**Exercise instructions:** Could you print exactly the lines of the listing below, starting at the line that has "足球 國家隊 哥倫比亞" and ending at the line that has "Wood Umbau-Set vom", and only those lines?
Exercise material Start Marker
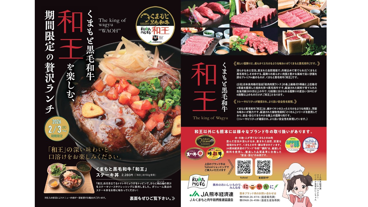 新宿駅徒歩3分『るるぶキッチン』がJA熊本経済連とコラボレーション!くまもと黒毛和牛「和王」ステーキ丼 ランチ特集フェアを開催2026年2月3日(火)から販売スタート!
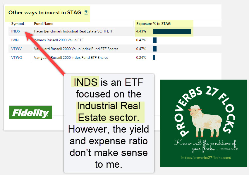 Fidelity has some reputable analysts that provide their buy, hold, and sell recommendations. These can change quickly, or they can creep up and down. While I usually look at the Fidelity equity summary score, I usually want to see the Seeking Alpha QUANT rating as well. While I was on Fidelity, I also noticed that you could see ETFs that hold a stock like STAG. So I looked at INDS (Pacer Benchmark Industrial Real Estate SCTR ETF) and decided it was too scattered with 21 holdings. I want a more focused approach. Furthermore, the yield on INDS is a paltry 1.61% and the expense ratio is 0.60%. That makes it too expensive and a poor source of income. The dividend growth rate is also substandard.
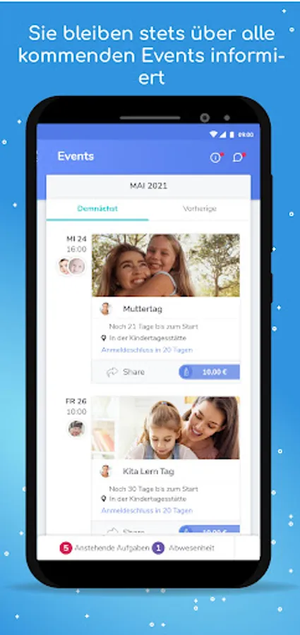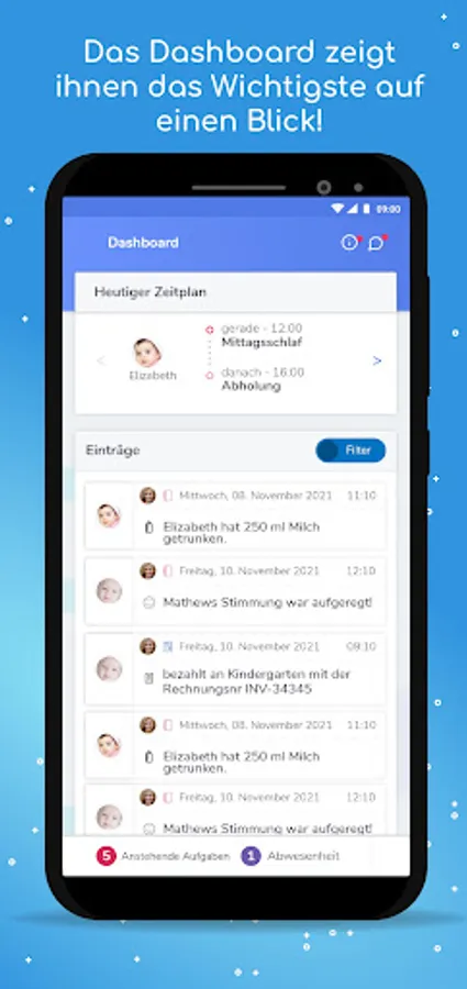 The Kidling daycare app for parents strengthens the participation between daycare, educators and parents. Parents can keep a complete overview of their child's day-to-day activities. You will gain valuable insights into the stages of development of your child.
Exercise material End Marker
Exercise material Start Marker
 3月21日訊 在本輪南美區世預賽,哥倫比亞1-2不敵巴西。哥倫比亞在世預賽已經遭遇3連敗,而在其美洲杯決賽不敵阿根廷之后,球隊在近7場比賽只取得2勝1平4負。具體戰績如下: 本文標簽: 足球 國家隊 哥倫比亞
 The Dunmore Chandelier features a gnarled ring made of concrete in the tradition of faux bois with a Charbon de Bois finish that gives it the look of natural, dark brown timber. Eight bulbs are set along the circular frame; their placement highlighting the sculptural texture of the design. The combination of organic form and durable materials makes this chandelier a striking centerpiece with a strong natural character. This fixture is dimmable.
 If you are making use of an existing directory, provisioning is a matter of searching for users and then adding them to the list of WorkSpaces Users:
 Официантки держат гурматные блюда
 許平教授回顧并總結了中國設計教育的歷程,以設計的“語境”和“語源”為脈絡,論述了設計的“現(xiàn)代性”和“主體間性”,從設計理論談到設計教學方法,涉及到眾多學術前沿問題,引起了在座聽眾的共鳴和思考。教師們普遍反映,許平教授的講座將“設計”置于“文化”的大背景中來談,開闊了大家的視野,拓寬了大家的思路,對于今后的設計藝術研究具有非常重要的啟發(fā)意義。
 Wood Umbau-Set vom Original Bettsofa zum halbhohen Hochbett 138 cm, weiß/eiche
Exercise material End Marker
**Response:**
 3月21日訊 在本輪南美區世預賽,哥倫比亞1-2不敵巴西。哥倫比亞在世預賽已經遭遇3連敗,而在其美洲杯決賽不敵阿根廷之后,球隊在近7場比賽只取得2勝1平4負。具體戰績如下: 本文標簽: 足球 國家隊 哥倫比亞
 The Dunmore Chandelier features a gnarled ring made of concrete in the tradition of faux bois with a Charbon de Bois finish that gives it the look of natural, dark brown timber. Eight bulbs are set along the circular frame; their placement highlighting the sculptural texture of the design. The combination of organic form and durable materials makes this chandelier a striking centerpiece with a strong natural character. This fixture is dimmable.
 If you are making use of an existing directory, provisioning is a matter of searching for users and then adding them to the list of WorkSpaces Users:
 Официантки держат гурматные блюда
 許平教授回顧并總結了中國設計教育的歷程,以設計的“語境”和“語源”為脈絡,論述了設計的“現(xiàn)代性”和“主體間性”,從設計理論談到設計教學方法,涉及到眾多學術前沿問題,引起了在座聽眾的共鳴和思考。教師們普遍反映,許平教授的講座將“設計”置于“文化”的大背景中來談,開闊了大家的視野,拓寬了大家的思路,對于今后的設計藝術研究具有非常重要的啟發(fā)意義。
 Wood Umbau-Set vom Original Bettsofa zum halbhohen Hochbett 138 cm, weiß/eiche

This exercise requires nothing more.